# Creamy Brie Kisses



## kansasgirl (Dec 20, 2004)

Creamy Brie Kisses
Brie cheese, rind removed
Wonton wrappers
Hot pepper jelly or raspberry jelly

Preheat oven to 400F
1.Cut the brie into 1/2-in cubes. Place on a cookie sheet and put the cheese in the freezer for 30 minutes.
2.Lightly spray a mini-muffin pan with nonstick spray. Fit one wonton skin into each cup, letting the edges stick out over the top.
3.Place a blob of jelly in each cup, then top with a cube of frozen cheese.
4.Bake for 10-15 minutes, or until the cheese is melted and the wonton skins are golden. Serve warm. 

**I have used many kinds of jams, jellies, and butters with these. I also think that spiced apple butter is a great combination with the creamy melted brie!


----------



## jkath (Dec 20, 2004)

This sounds perfect for Christmas Dinner's appetizer!
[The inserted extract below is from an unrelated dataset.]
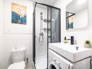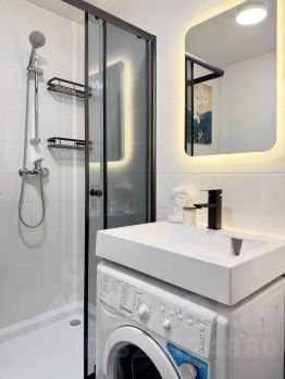 - санузел (душевая кабина, стиральная машина, зеркало полочки, полочки)

Thanks so very much!

PS - after putting the brie on the sheet for freezing, do you wrap or cover it?


----------



## kansasgirl (Dec 20, 2004)

You can lightly cover it with plastic, but it really is just in the freezer long enough to get a little firm so it does not gooze all over the place.


----------



## pdswife (Dec 21, 2004)

This sounds wonderful.  Thanks!!


----------



## Catseye (Dec 21, 2004)

Ooo, Kansasgirl, these sound ABfab!  This recipe has gone to live in my Appetizers folder.

You know what else would be good?  Sprinkle 3-4 sliced almonds on top before you put them in the oven.


Cats


----------



## chez suz (Dec 21, 2004)

These sound great...copy...paste
Thanks
Have a great Holiday


----------



## norgeskog (Dec 22, 2004)

I have done brie and carmelized mushrooms (deglazed with white vermouth) inside puff pastry and, but the wontons would be easier and individual.   A friend and I are having some entertaining some friends during teh holidays, will add this to our menu.


----------



## QSis (Dec 22, 2004)

Oh, YUM, kansasgirl!  

I don't have mini muffin tins - do you see any downside to using regular-sized muffin tins?

Lee


----------



## pst1can (Dec 26, 2004)

ooohhhhh great sounding recipe for New Years Eve...thanks Kansasgirl!!!


----------